2017, 2018 Universität Koblenz-Landau 25

02.2.1.3 Lebensräume und Besiedlung in Seen 

In der Abb. 02.7 sind die ökologischen Zonierungen eines Sees einschließlich der Uferbereiche dargestellt (Grüneberg et al. 2009).

Abb. 02.7: Morphologie und Lebensräume eines Seeufers (schematisch, verändert nach Ostendorp et al. 2004; with permission from European Regional Centre for Ecohydrology of the Polish Adacemy of Sciences).

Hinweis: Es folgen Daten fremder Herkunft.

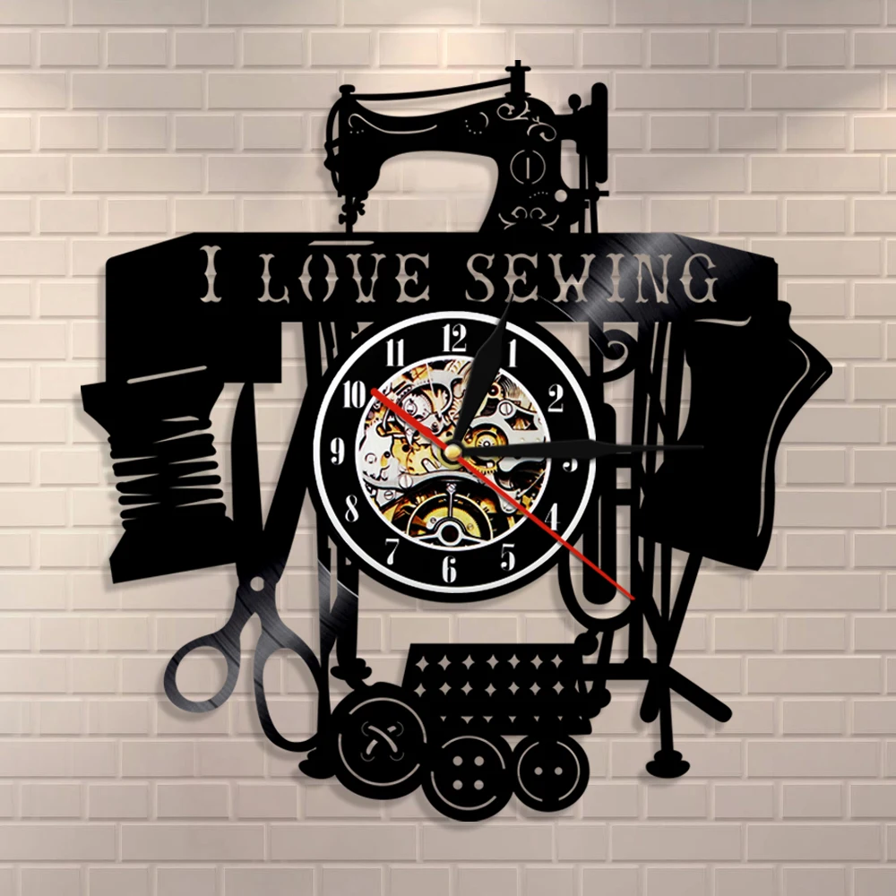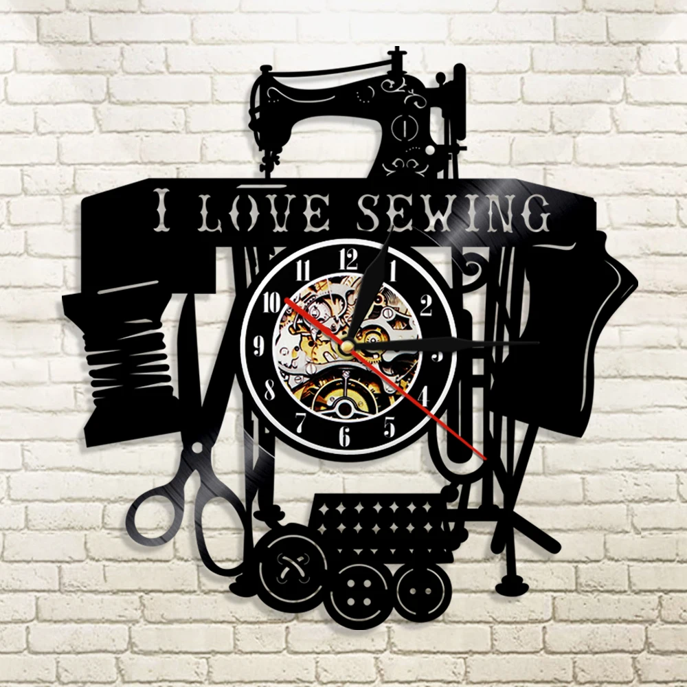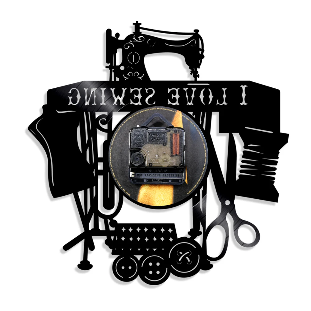 HOT OFFERS I Love Sewing Vintage Wall Clock Handmade Vinyl Record Watches Machine Art Decor For Room SPECIAL Price Buy PRICE Limited

Die wichtigsten Lebensräume in einem See sind die Freiwasserzone (Pelagial) und die Bodenzone (Benthal), die sich in einen durchlichteten (euphotisch) und einen nicht durchlichteten (aphotisch) Bereich einteilen lässt. Diese Grenze wird bei 1 % des an der Oberfläche einfallenden Lichtes gesetzt. Sie kann annähernd aus dem Wert der 2,5-fachen Sichttiefe hergeleitet werden. Die durchlichtete Bodenzone heißt Litoral und ist von Wasserpflanzen besiedelt, während das nicht durchlichtete Profundal pflanzenlos ist und nur von heterotrophen Organismen besiedelt werden kann. Die euphotische Schicht im Pelagial wird auch trophogene Zone genannt. Hier ist Photosynthese durch Primärproduzenten möglich. Im aphotischen Bereich des Pelagials ist nur Stoffab- bzw. -umbau durch Destruenten und Konsumenten möglich (tropholytische Zone).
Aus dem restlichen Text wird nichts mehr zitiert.